**Task requirements:** Starting at the line holding "逛展逛累了,在這個(gè)時" and finishing at the line holding "На фотографии запечатлён", transcribe the material exactly, keeping both ends but no pictures.

**Provided records:**
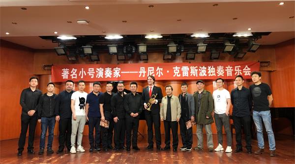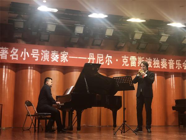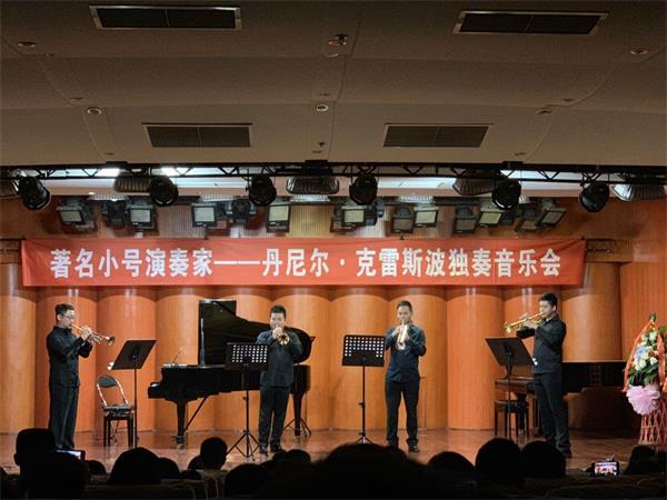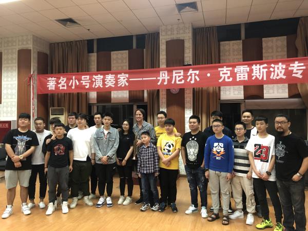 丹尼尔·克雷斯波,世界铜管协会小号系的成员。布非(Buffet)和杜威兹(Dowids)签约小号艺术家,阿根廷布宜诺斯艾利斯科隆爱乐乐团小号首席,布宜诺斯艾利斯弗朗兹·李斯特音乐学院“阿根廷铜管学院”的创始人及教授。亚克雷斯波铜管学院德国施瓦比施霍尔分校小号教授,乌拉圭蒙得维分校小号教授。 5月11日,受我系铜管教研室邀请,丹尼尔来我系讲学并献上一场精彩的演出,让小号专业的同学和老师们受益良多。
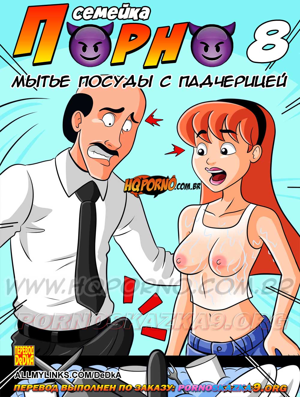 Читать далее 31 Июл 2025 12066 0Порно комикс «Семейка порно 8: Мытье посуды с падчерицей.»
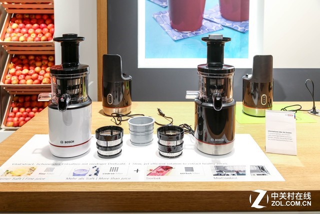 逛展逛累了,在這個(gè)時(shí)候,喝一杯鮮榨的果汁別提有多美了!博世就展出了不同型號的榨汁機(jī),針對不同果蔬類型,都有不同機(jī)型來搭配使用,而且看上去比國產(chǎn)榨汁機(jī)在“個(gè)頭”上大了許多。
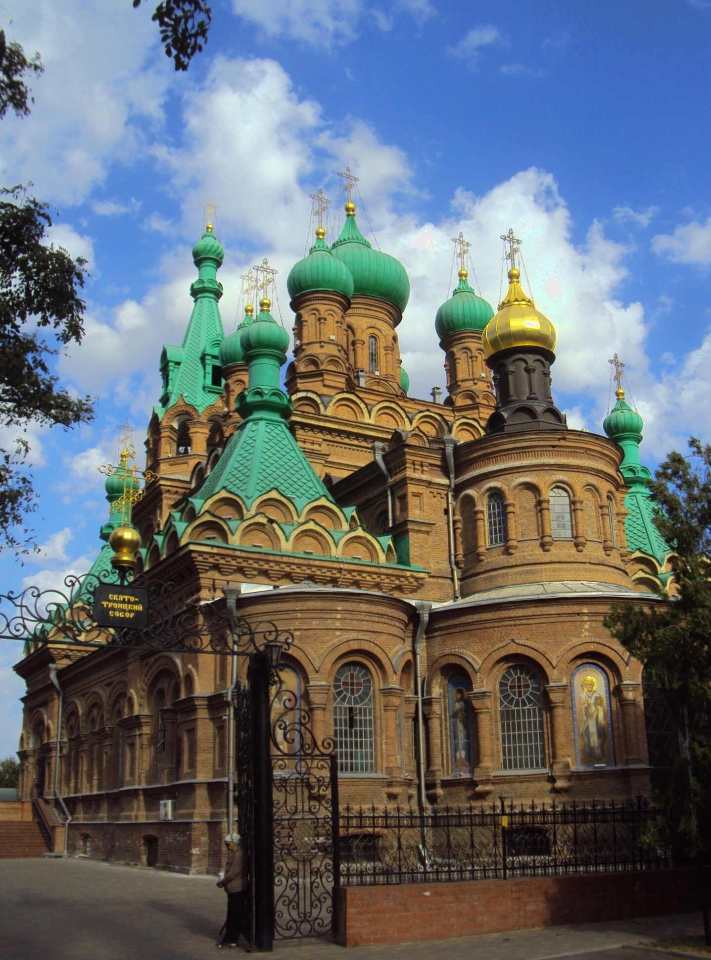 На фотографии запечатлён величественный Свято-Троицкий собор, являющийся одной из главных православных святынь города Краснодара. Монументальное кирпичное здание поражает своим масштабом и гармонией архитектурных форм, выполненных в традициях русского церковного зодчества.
--
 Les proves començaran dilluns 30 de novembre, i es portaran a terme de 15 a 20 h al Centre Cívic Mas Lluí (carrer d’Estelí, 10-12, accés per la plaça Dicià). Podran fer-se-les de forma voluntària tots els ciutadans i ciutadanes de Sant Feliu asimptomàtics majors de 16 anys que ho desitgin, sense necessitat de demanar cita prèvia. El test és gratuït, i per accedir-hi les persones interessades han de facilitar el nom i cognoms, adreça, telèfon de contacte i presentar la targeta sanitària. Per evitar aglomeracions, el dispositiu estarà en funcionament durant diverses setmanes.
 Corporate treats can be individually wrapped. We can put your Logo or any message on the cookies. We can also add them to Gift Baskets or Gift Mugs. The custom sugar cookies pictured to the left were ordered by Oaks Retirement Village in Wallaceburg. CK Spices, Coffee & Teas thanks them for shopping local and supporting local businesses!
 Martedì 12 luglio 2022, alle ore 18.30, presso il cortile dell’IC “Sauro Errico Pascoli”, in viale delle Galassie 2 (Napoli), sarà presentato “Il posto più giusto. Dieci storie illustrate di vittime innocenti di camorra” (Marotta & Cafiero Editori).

**Answer to this task:**
 逛展逛累了,在這個(gè)時(shí)候,喝一杯鮮榨的果汁別提有多美了!博世就展出了不同型號的榨汁機(jī),針對不同果蔬類型,都有不同機(jī)型來搭配使用,而且看上去比國產(chǎn)榨汁機(jī)在“個(gè)頭”上大了許多。
 На фотографии запечатлён величественный Свято-Троицкий собор, являющийся одной из главных православных святынь города Краснодара. Монументальное кирпичное здание поражает своим масштабом и гармонией архитектурных форм, выполненных в традициях русского церковного зодчества.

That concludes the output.